Six common beliefs addressed, Part 232

1. The hormones in food are the cause of children looking older and developing quicker.

Hormones are actually very expensive and usually not used in foods. There are certain foods like soy that mimic human sex hormones and can alter development but for the most part, sexual development is determined by body fat. The higher the body fat, the sooner you develop as the body believes the environment is abundant and offspring are more likely to survive. Body fat speeds things up including your own demise.

2. People who are doing everything right on "keto" still gain weight over time. A lot of doctors say that it works initially but then it creates "issues".

Okay there are several assumptions being made here.

First "doing everything right" is up for debate. I don't know what that means because I don't know what type of "keto" these people are following. If they are doing the fad "keto", found online, then it's wrong.

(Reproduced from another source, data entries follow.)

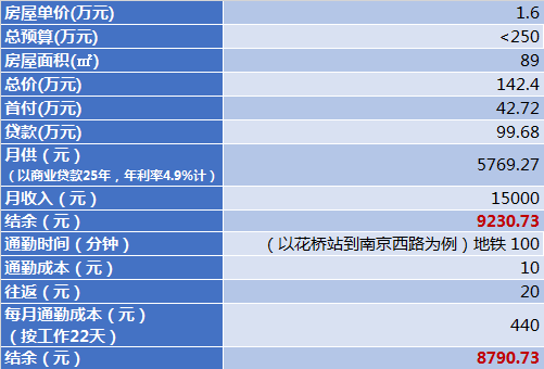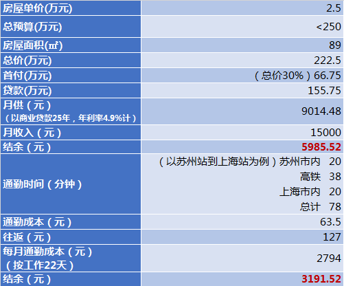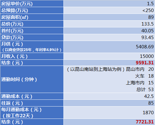 在距昆山南站五公里范围内还是有很多在售楼盘可以选择的,单价基本在1万到1.8万之间,选择一个中间价格1.5万,再计算在昆山置业的生活成本: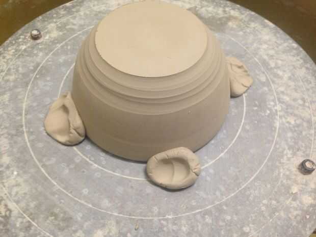 • Espirales de arcilla deben ser removidos y una forma de tazón de fuente general empezará a formar en el exterior. Parada al llegar al círculo.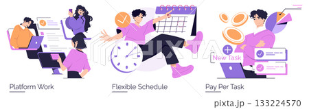 Vector illustration showcasing collaborative platform work, flexible scheduling, and pay-per-task concept. Features diverse individuals engaging in digital work environments.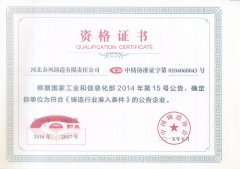 工信部鑄造行業(yè)準(zhǔn)入證書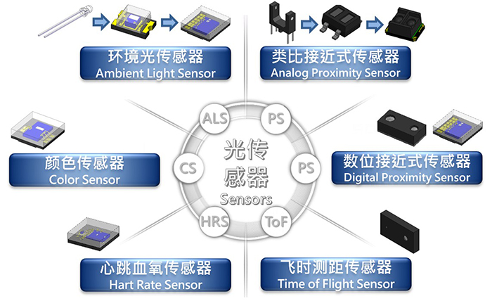 光傳感器位於上述應用的角色不外乎為感測環境光源的變化,進而調整產品自身發光的強度,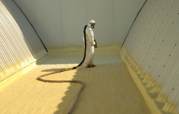 На данном объекте были применены материалы Wetisol Foam-50 и Wetisol Spray-400 (50 мм Foam-50 и 2мм Spray-400 Ral 7043). Работы по устройству кровли производила компания ООО «Ветлан».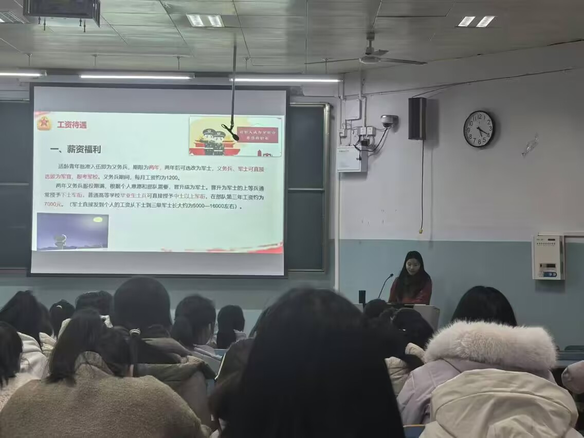 為深化我院同學對國防教育的認識,激發(fā)青年學子參軍報國的熱情,鼓勵他們積極投身國防事業(yè)。12月8日,我院在教九樓305教室舉行了征兵工作主題班會。此次班會由2024級輔導員洪瑞主持,2024級生物技術班,生物制藥班,生物信息班學生參加此次班會。

Just because it's on Facebook, doesn't mean it's right. If you are on a "keto" protocol that allows you to eat astronomical amounts of fat, you are doing "keto" wrong and so therefore, you will gain weight.

What "issues" are being described? That these people regain weight? Well, I already explained before that if they are doing "keto" wrong, they will gain weight but if they are doing "keto" right and still gaining weight, that's not a "keto" issue, that's an obesity issue. That occurs with all diets, not just "keto". All diets cause weight regain with time. 

You have to be careful when following diet promoting "doctors". You need to understand that all diets are only palliative treatments for obesity as overweight/obesity has no known cure. So, when you see a doctor talking down on other diets, it's because they are trying to sell their own as all diets have the same success rate for "treating" obesity.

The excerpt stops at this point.